A 2016 white paper prepared by Judi Newman, of Phaze II Consulting, and Bill Larson, of Profit Protection Management Consulting, runs through many of the laws and agreements agencies face and spotlights particular exposures that could leave agencies holding the bag for all sorts of breaches that could be prevented with technology upgrades. These agreements span all independent agent segments and include addenda that are frequently sent via email after an agency-carrier contract is already in force. It is crucial that these addenda be included in your agency's thorough review of liability exposures generated by the relationship with the carrier. 

 

Some Primary Exposures

Privacy of personal data is probably the primary issue agencies worry about. You hold all sorts of non-public private information on your insureds. If privacy or control of that data is mishandled by an agent or an agency system or is violated by a cyber-criminal, the costs to the agency can be exorbitant. Agency-carrier contracts often state that the agency "will comply will all applicable privacy laws" regarding the confidentiality of non-public personal information. The authors of the white paper note that failures in this duty put the agency in a position of breach of the carrier contract, which could affect the agency's own insurance protection should the insurer be harmed by the privacy breach. 

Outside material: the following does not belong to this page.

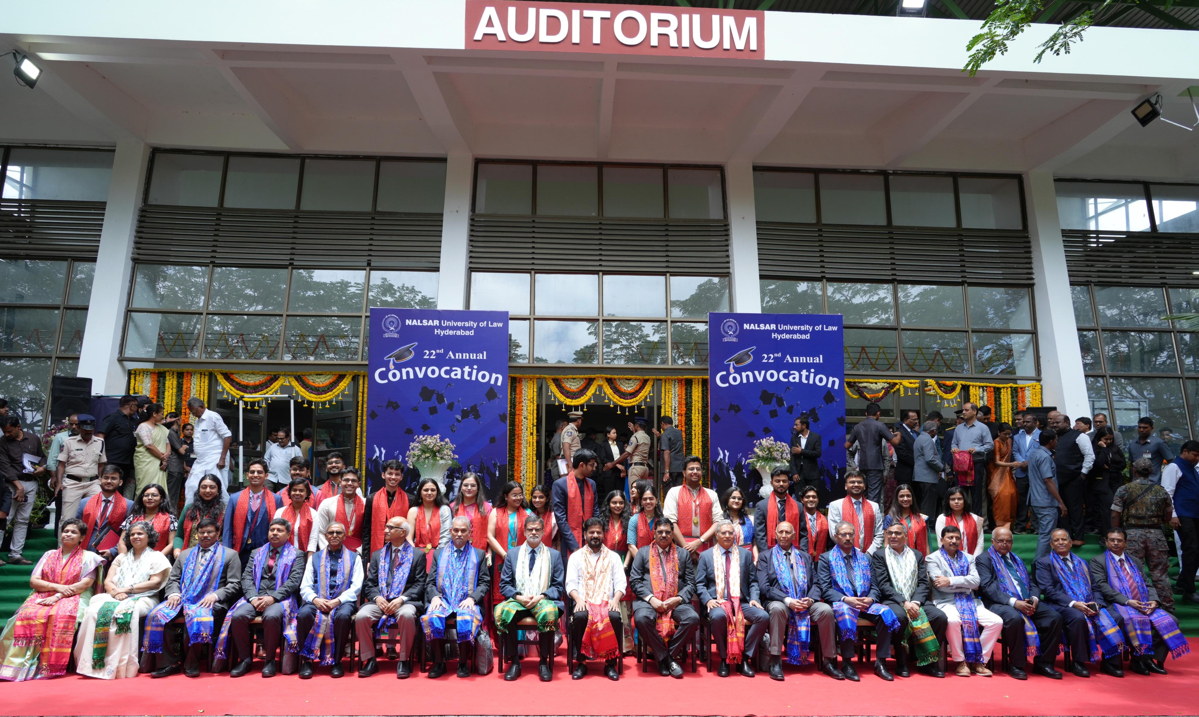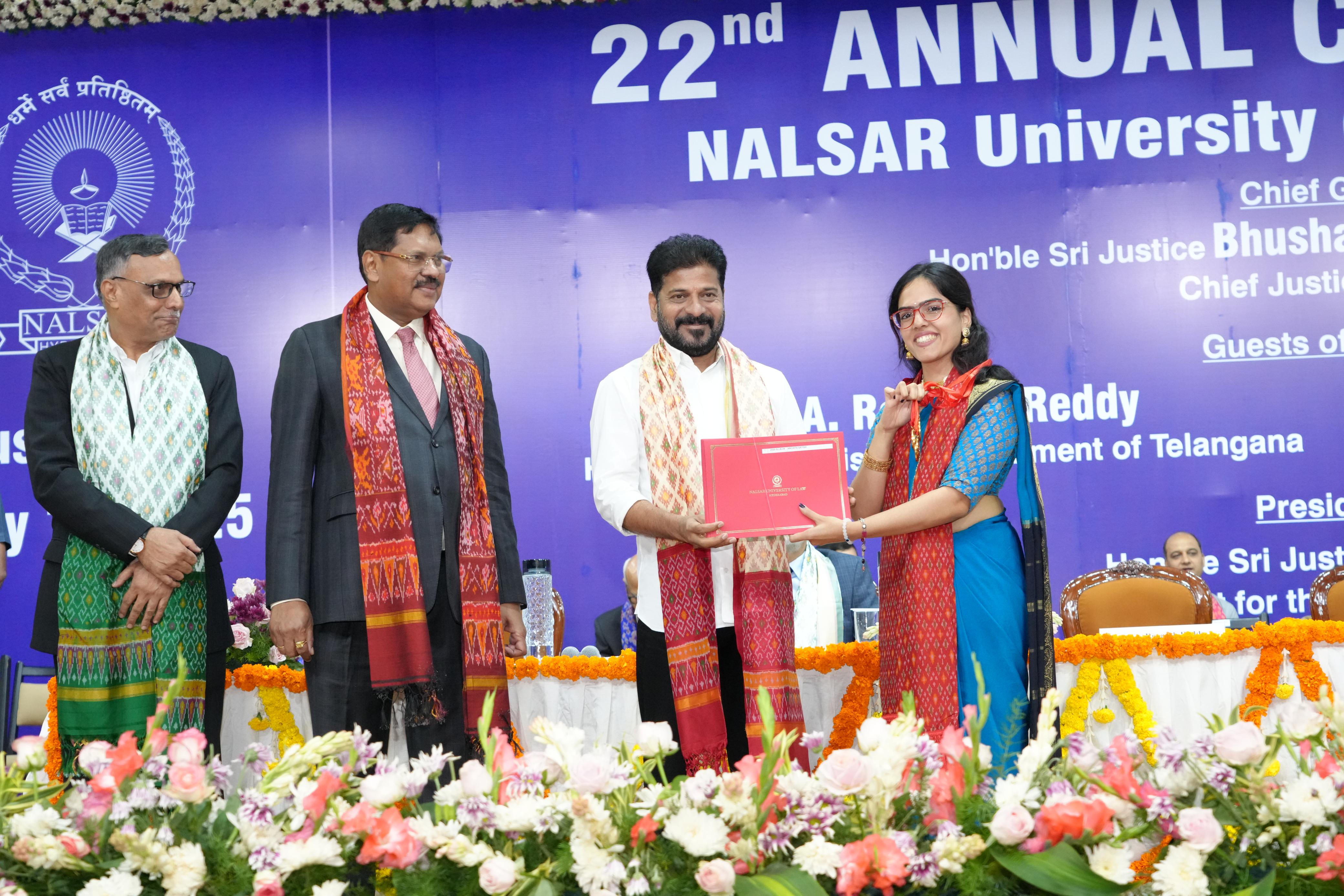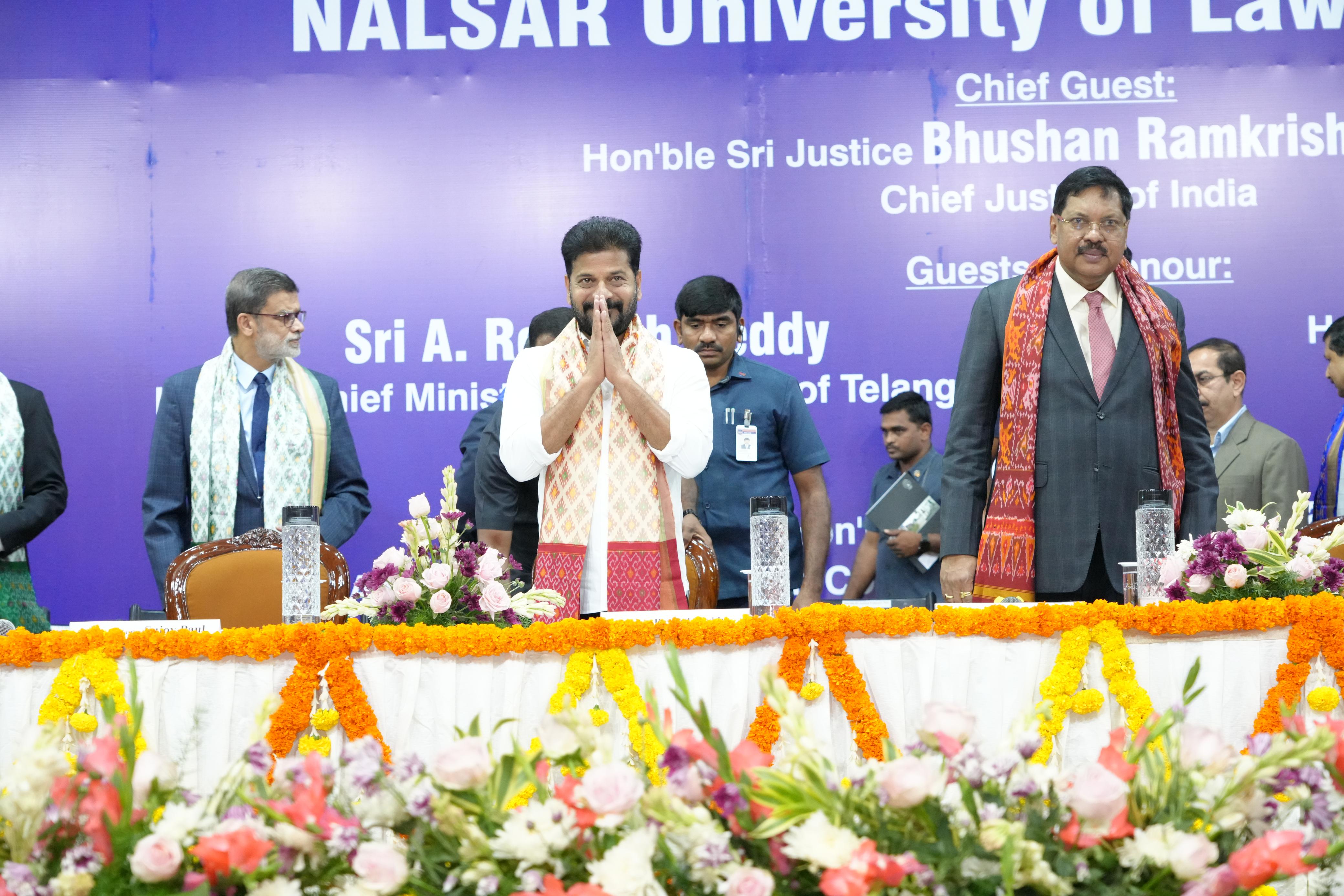 ప్రతిష్టాత్మక నల్సార్ యూనివర్సిటీ ఆఫ్ లా 22 వ స్నాతకోత్సవంలో సుప్రీంకోర్టు ప్రధాన న్యాయమూర్తి జస్టిస్ భూషణ్ రామకృష్ణ గవాయ్ గారు, సుప్రీంకోర్టు న్యాయమూర్తి జస్టిస్ పీఎస్ నరసింహ గారితో కలిసి ముఖ్యమంత్రి శ్రీ రేవంత్ రెడ్డి గారు పాల్గొన్నారు. నల్సార్ యూనివర్సిటీ ఆఫ్ లా చాన్సెలర్, హైకోర్టు ప్రధాన న్యాయమూర్తి (తాత్కాలిక) జస్టిస్ సుజయ్ పాల్ గారి అధ్యక్షతన ఈ కార్యక్రమం జరిగింది.
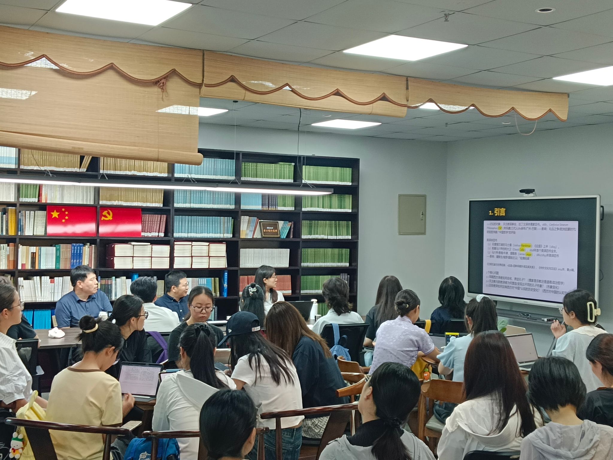 报告会分两部分展开。姚教授先介绍了其在哈佛大学等海外一流大学学术交流的情况。随后姚教授作了题为《儒家四书早期西方译本中的孔子形象》的专题汇报。他以1687年拉丁文译本及19世纪马士曼、柯大卫、理雅各等人的英译“四书”为核心文本,深入分析了明清之际西方学者如何利用丘濬的著作翻译、解释“四书”,并借此介入“礼仪之争”;同时,报告通过剖析各类译本所呈现的孔子形象,揭示了中国思想在早期全球化语境下的多重传播与意义转化。随后,在场师生围绕“丘濬的域外影响”“比较文学研究路径”“儒学的西传和影响”以及“理雅各译经的中国译助和相关文献”等话题展开了热烈的讨论。

A quick review of the white paper shows that the Gramm-Leach-Bliley Act requires agencies to provide consumers with privacy-protection and information-sharing practices. This notice must give a clear depiction of your agency's privacy protection practices. Though the language may be boilerplate, the risk management behind it should be reviewed regularly to ensure your systems and protocols are keeping up with the threat. Many agencies don't even implement the most rudimentary cyber security practices, so to state that you are protecting customer data could be a misrepresentation. A cyber security review is a priority to make sure you are in compliance with data privacy laws and your own customer privacy notices. 

Security of communications is another area where agencies may be behind on the technology end. Email is now the preferred communication method of many clients, but it is also an avenue hackers use to invade agency—and then carrier—systems. Using email securely isn't difficult, but you will have to integrate that into your business practices in order to protect private information as it flows between you and your insureds. 

Erroneous transfer of documents does happen. In most cases, the unintended recipient will just delete the document or throw it away, but if they use it in any way, the agency could be in hot water. Even if they don't use it, you still have a privacy violation that must be disclosed. Using a secure portal on your agency website where customers can review documents after receiving an email notification that they are available for viewing can eliminate this exposure.

 

Risk Management Techniques 

The white paper highlights four areas of risk management that focus on the agency-carrier agreement: a review of your exposures; the establishment of a security program; a data breach response plan; and a business continuity plan. 

These four elements together represent a major part of your business strategy, and they can't be swept away with the brush of your hand using the excuse that the technology is too expensive or too difficult to understand. Your agency-carrier agreements hold your firm to a high standard, but it's one that is achievable. The Agents Council for Technology has many resources that can help you with the technology needed to comply with your carrier contracts. Avail yourself of the written resources and the person-to-person help from fellow members to reduce the exposures your agency has under your carrier contracts.